### WORK TASK
Leave the pictures out. Retype exactly the lines below from the one containing "Cool animal purple" through the one containing "Hello my creepy", and no others.

### EXERCISE MATERIALS
===
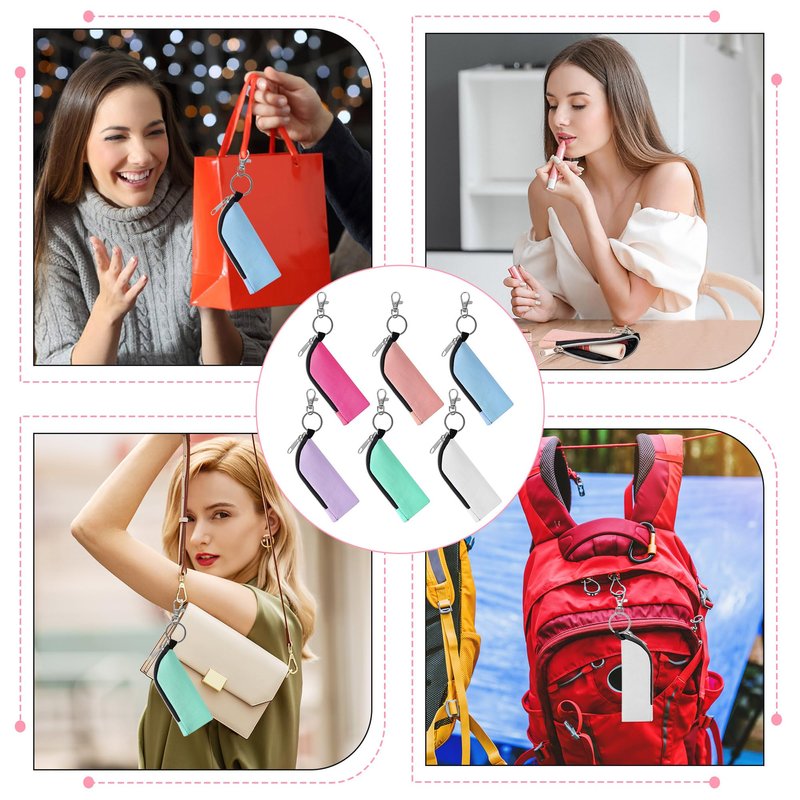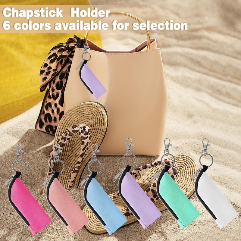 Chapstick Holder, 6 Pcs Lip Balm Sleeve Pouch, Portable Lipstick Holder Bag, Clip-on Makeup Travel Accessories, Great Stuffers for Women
===
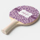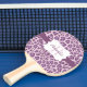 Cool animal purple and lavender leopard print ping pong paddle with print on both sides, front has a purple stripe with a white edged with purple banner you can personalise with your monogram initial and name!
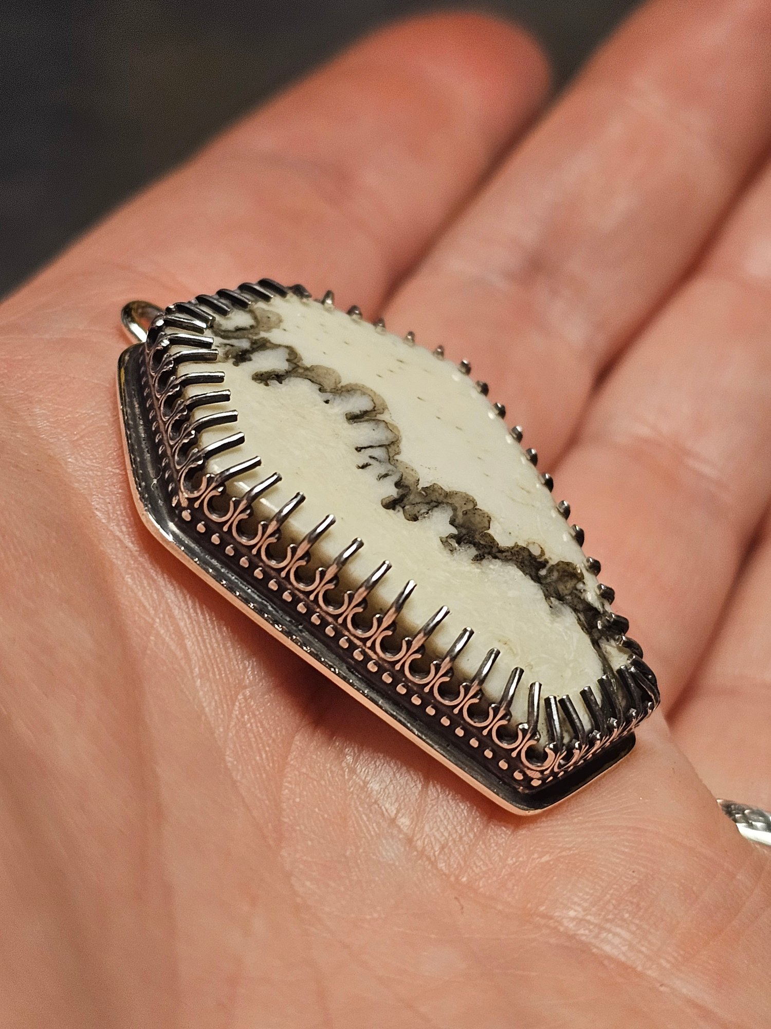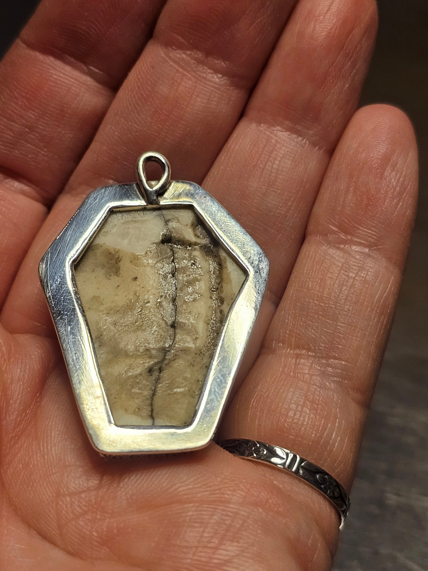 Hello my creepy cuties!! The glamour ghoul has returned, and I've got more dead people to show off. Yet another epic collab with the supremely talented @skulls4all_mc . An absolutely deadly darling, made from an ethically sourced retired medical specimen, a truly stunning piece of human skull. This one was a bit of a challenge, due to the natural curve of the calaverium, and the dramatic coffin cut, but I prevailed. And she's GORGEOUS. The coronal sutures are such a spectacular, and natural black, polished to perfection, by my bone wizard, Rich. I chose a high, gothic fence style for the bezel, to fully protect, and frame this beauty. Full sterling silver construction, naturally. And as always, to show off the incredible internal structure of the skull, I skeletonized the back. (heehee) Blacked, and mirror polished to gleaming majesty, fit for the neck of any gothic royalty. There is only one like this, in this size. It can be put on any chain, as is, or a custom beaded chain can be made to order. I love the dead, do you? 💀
===
### WRITTEN ANSWER
 Cool animal purple and lavender leopard print ping pong paddle with print on both sides, front has a purple stripe with a white edged with purple banner you can personalise with your monogram initial and name!
 Hello my creepy cuties!! The glamour ghoul has returned, and I've got more dead people to show off. Yet another epic collab with the supremely talented @skulls4all_mc . An absolutely deadly darling, made from an ethically sourced retired medical specimen, a truly stunning piece of human skull. This one was a bit of a challenge, due to the natural curve of the calaverium, and the dramatic coffin cut, but I prevailed. And she's GORGEOUS. The coronal sutures are such a spectacular, and natural black, polished to perfection, by my bone wizard, Rich. I chose a high, gothic fence style for the bezel, to fully protect, and frame this beauty. Full sterling silver construction, naturally. And as always, to show off the incredible internal structure of the skull, I skeletonized the back. (heehee) Blacked, and mirror polished to gleaming majesty, fit for the neck of any gothic royalty. There is only one like this, in this size. It can be put on any chain, as is, or a custom beaded chain can be made to order. I love the dead, do you? 💀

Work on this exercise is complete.